= What is required =
Please output only the lines running from the one that contains "또한 과거 각각 샤이니, 원더걸스, 에이핑크의" through the last line of the data below, exactly as they stand, with no pictures.

= Entries provided =
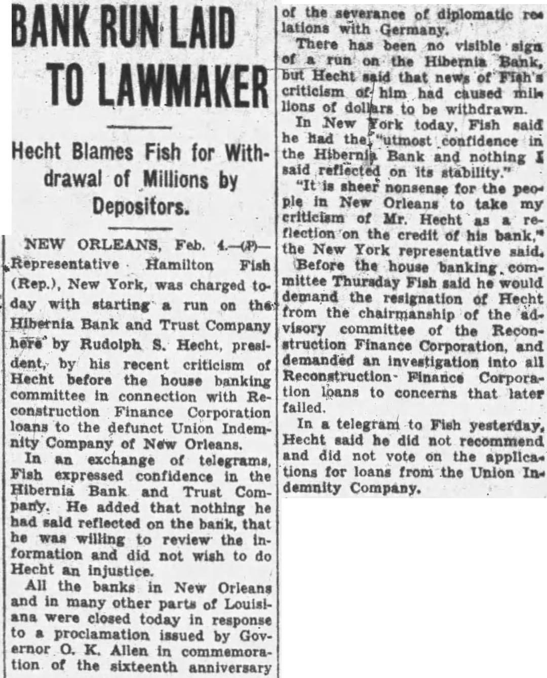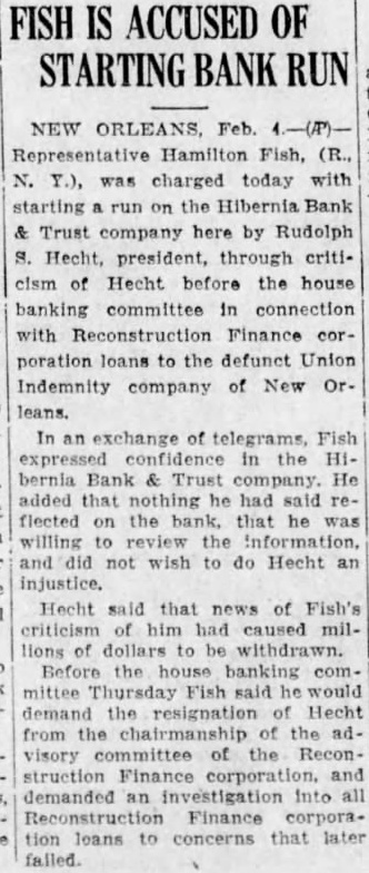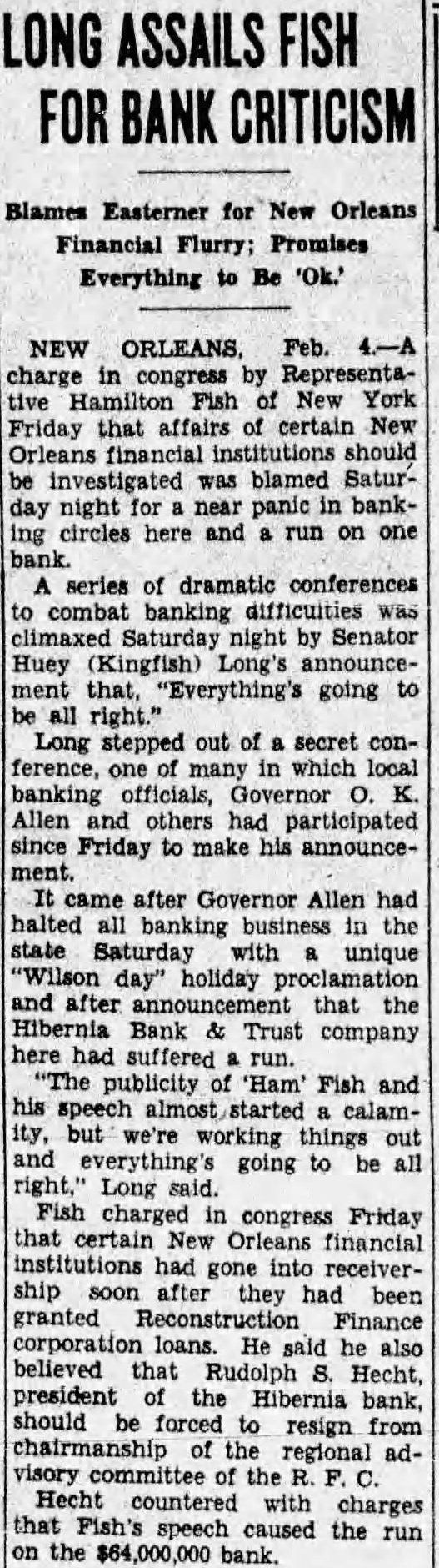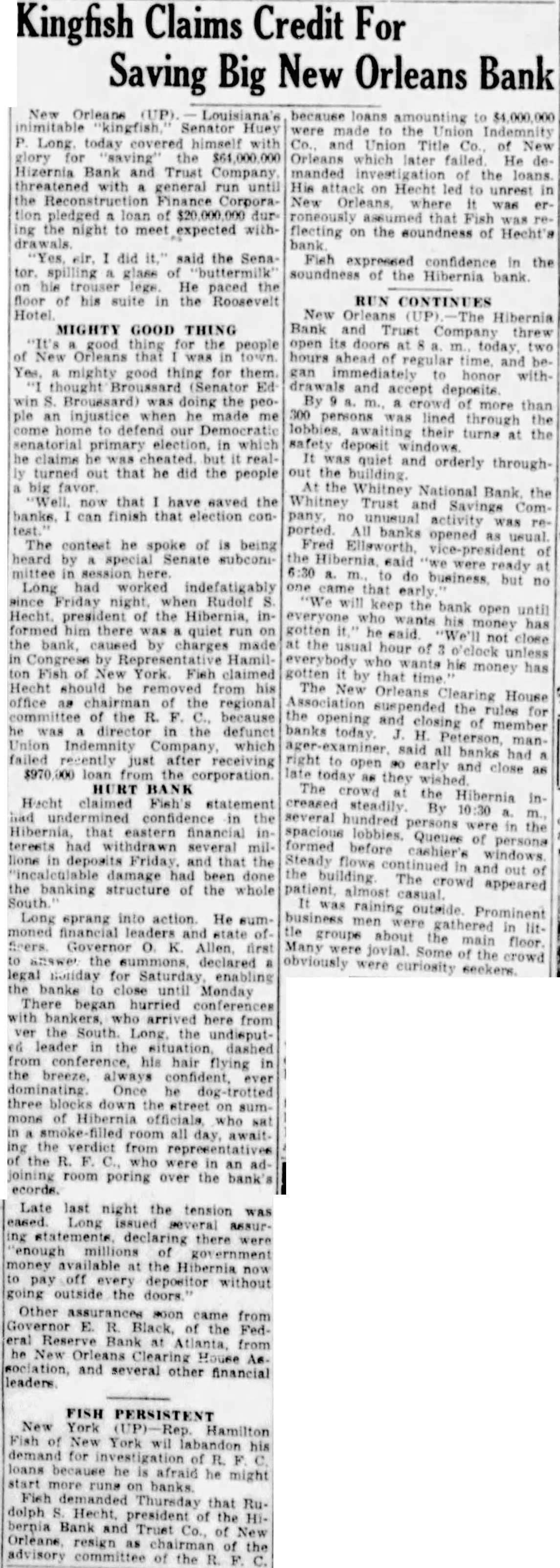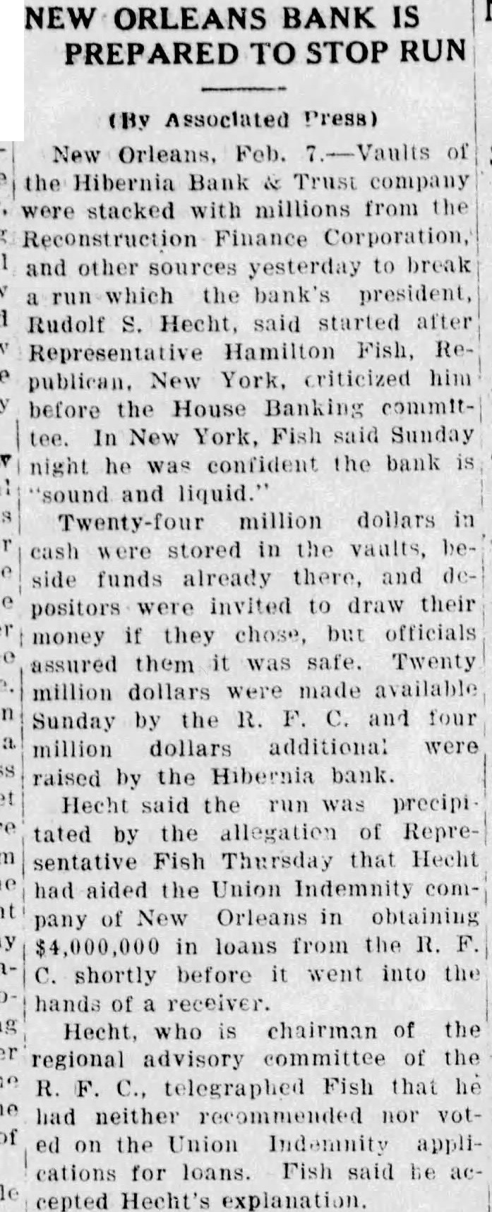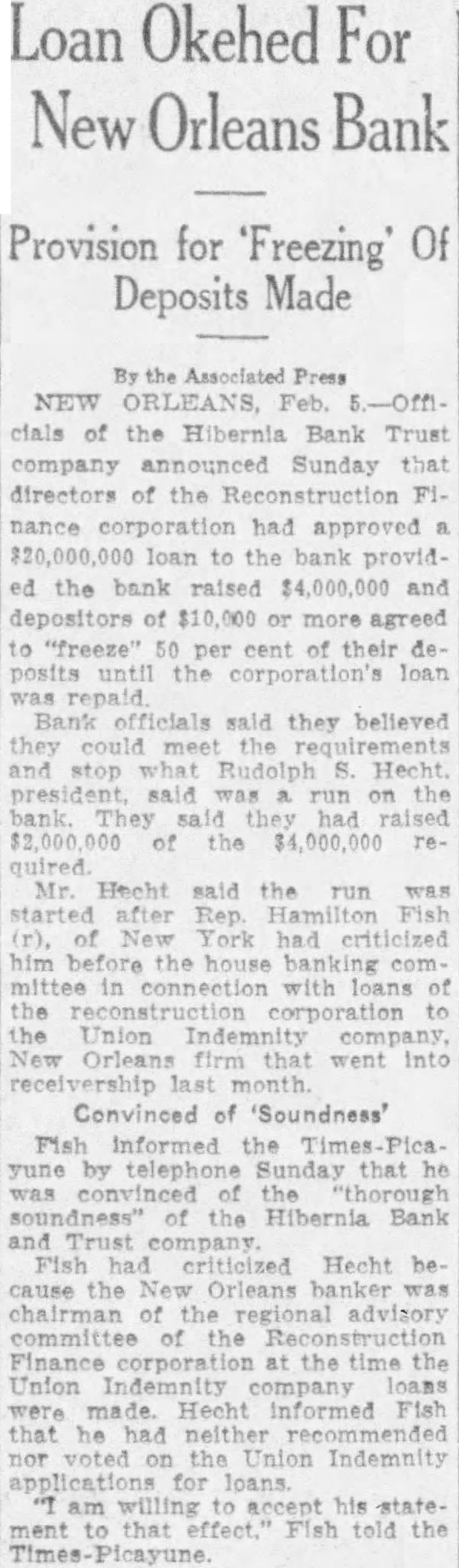 Quick Action happened to be in New Orleans the day this occurred. And usual, we people of New Orleans who stand all for one and one for were together quicker than takes me tell you the story. The result has been that "the bank which was attacked has been supplied with $25,000,000 in cash above what money has in its vault. If they attack another bank we will put in the same The New Orleans clearing house association issued this statement: glad to able to to the public through prompt and efficient cooperation arrangements been made to stop definitely the threatened run on member bank, resulting from unwise and unfortunate statements. "There is no occasion for any uneasiness concerning the New Orleans clearing house banks and business should be continued in the usual, normal Loan Approved Officials the Hibernia bank announced tonight that directors the Reconstruction Finance corporation in Washington today had approved loan the bank provided the bank raised $4,000,000 and depositors of $10,000 or more agreed leave the institution 50 percent of their deposits until the corporation's repaid. Rudolph Hecht. president of the institution, said started after Representative Hamilton Fish republican, New York, had attacked him last Thursday before the house banking committee connection with loans made to the defunct Union Indemnity company of New Orleans by the Reconstruction Finance corpora-
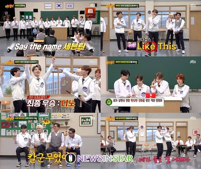 또한 과거 각각 샤이니, 원더걸스, 에이핑크의 팬이었던 호시, 승관, 디노는 자신들의 자존심을 걸고 ‘전주 1초 듣고 노래 맞히기’ 게임을 진행, K-POP 부교수님이라는 별명을 갖고 있는 승관의 활약 속에서 디노가 막판 뒤집기 100점이 걸린 에이핑크의 ‘LUV’를 극적으로 맞혀 한 편의 짜릿한 역전 드라마를 썼다.
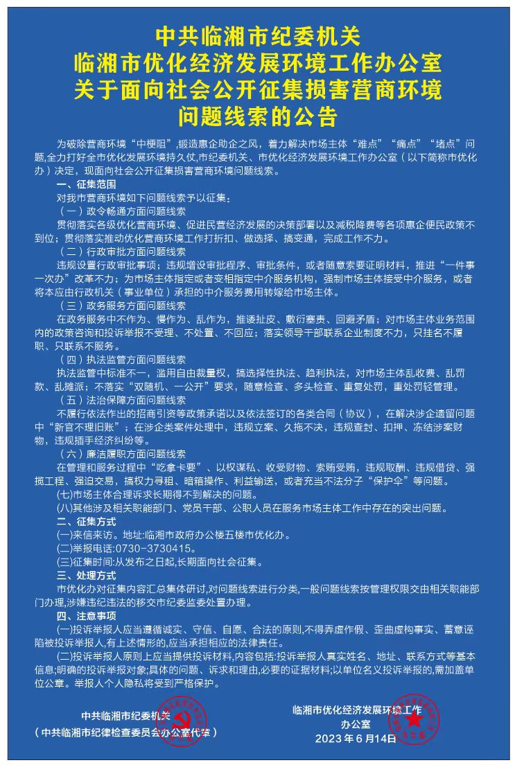 中共临湘市纪委机关 临湘市优化经济发展环境工作办公室关于面向社会公开征集损害营商环境问题线索的公告
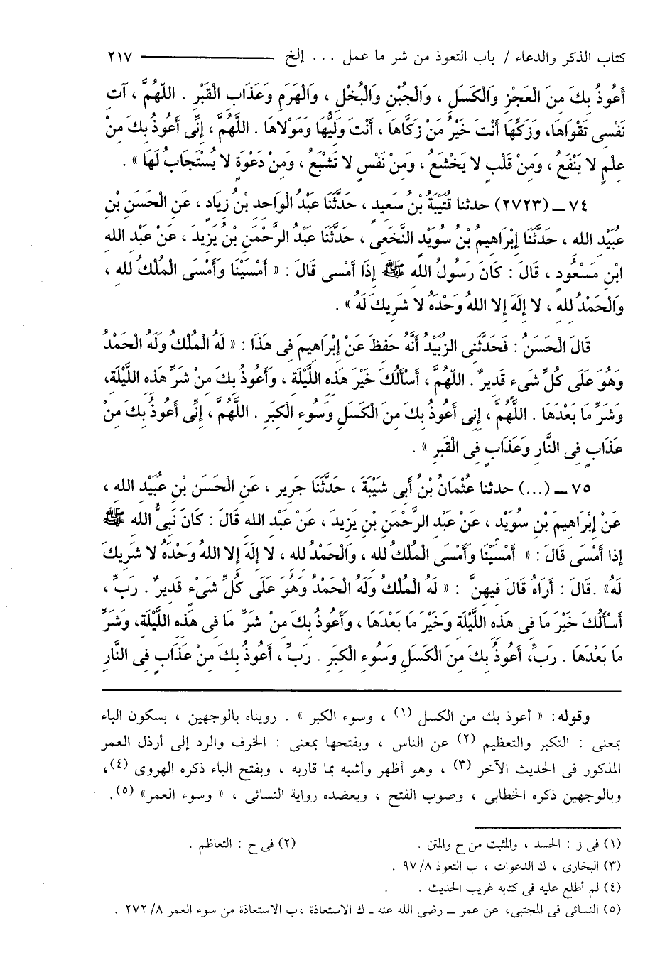 75 - (...) حدثنا عُثْمَانُ بْنُ أَبِى شَيْبَةَ، حَدَّثَنَا جَرِير، عَنِ الْحَسَن بْنِ عُبَيْدِ اللهِ، عَنْ إِبْرَاهِيمَ بْنِ سُوَيْدٍ، عَنْ عَبْدِ الرَّحْمَنِ بْنِ يَزِيدَ، عَنْ عَبْدِ اللهِ قَالَ: كَانَ نَبِىُّ اللهِ صَلَّى اللَّهُ عَلَيْهِ وَسَلَّمَ إذا أَمْسَى قَالَ: " أَمْسَيْنَا وَأَمْسَى الْمُلْكُ للهِ، وَالْحَمْدُ لِلهِ، لا إِلَهَ إِلا اللهُ وَحْدَهُ لا شَرِيكَ لَهُ ". قَالَ: أَرَاهُ قَالَ فِيهِنَّ: " لَهُ الْمُلْكُ وَلَهُ الْحَمْدُ وَهُوَ عَلَى كُلِّ شَىْءٍ قَدِيرٌ. رَبِّ، أَسْأَلُكَ خَيْرَ مَا فِى هَذِهِ اللَّيْلَةِ وَخَيْرَ مَا بَعْدَهَا، وَأَعُوذُ بِكَ مِنْ شَرِّ مَا فِى هَذِهِ اللَّيْلَةِ، وَشَرِّ مَا بَعْدَهَا. رَبِّ، أَعُوذُ بِكَ مِنَ الْكَسَلِ وَسُوءِ الْكِبَرِ. رَبِّ، أَعُوذُ بِكَ مِنْ عَذَابٍ فِى النَّارِ
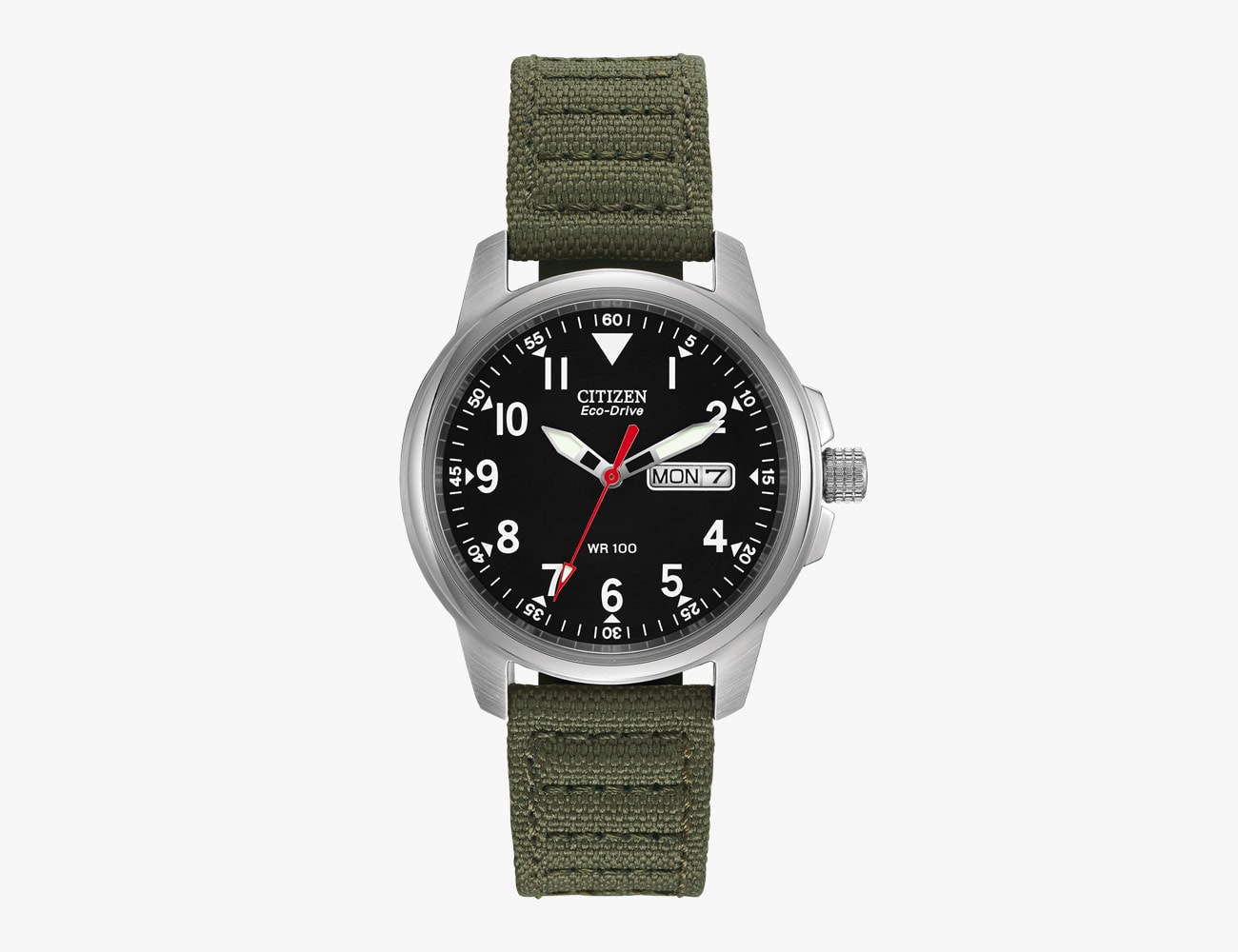The Chandler is powered by Citizen’s Eco-Drive technology, which charges via ambient light and never requires a battery or a service. Pair this with a day-date function, luminous sword hands, knurled crown, black dial and woven green fabric strap, and what you’ve got is a true field watch that doesn’t require any babying.

= Written solution =
 또한 과거 각각 샤이니, 원더걸스, 에이핑크의 팬이었던 호시, 승관, 디노는 자신들의 자존심을 걸고 ‘전주 1초 듣고 노래 맞히기’ 게임을 진행, K-POP 부교수님이라는 별명을 갖고 있는 승관의 활약 속에서 디노가 막판 뒤집기 100점이 걸린 에이핑크의 ‘LUV’를 극적으로 맞혀 한 편의 짜릿한 역전 드라마를 썼다.
 中共临湘市纪委机关 临湘市优化经济发展环境工作办公室关于面向社会公开征集损害营商环境问题线索的公告
 75 - (...) حدثنا عُثْمَانُ بْنُ أَبِى شَيْبَةَ، حَدَّثَنَا جَرِير، عَنِ الْحَسَن بْنِ عُبَيْدِ اللهِ، عَنْ إِبْرَاهِيمَ بْنِ سُوَيْدٍ، عَنْ عَبْدِ الرَّحْمَنِ بْنِ يَزِيدَ، عَنْ عَبْدِ اللهِ قَالَ: كَانَ نَبِىُّ اللهِ صَلَّى اللَّهُ عَلَيْهِ وَسَلَّمَ إذا أَمْسَى قَالَ: " أَمْسَيْنَا وَأَمْسَى الْمُلْكُ للهِ، وَالْحَمْدُ لِلهِ، لا إِلَهَ إِلا اللهُ وَحْدَهُ لا شَرِيكَ لَهُ ". قَالَ: أَرَاهُ قَالَ فِيهِنَّ: " لَهُ الْمُلْكُ وَلَهُ الْحَمْدُ وَهُوَ عَلَى كُلِّ شَىْءٍ قَدِيرٌ. رَبِّ، أَسْأَلُكَ خَيْرَ مَا فِى هَذِهِ اللَّيْلَةِ وَخَيْرَ مَا بَعْدَهَا، وَأَعُوذُ بِكَ مِنْ شَرِّ مَا فِى هَذِهِ اللَّيْلَةِ، وَشَرِّ مَا بَعْدَهَا. رَبِّ، أَعُوذُ بِكَ مِنَ الْكَسَلِ وَسُوءِ الْكِبَرِ. رَبِّ، أَعُوذُ بِكَ مِنْ عَذَابٍ فِى النَّارِ
The Chandler is powered by Citizen’s Eco-Drive technology, which charges via ambient light and never requires a battery or a service. Pair this with a day-date function, luminous sword hands, knurled crown, black dial and woven green fabric strap, and what you’ve got is a true field watch that doesn’t require any babying.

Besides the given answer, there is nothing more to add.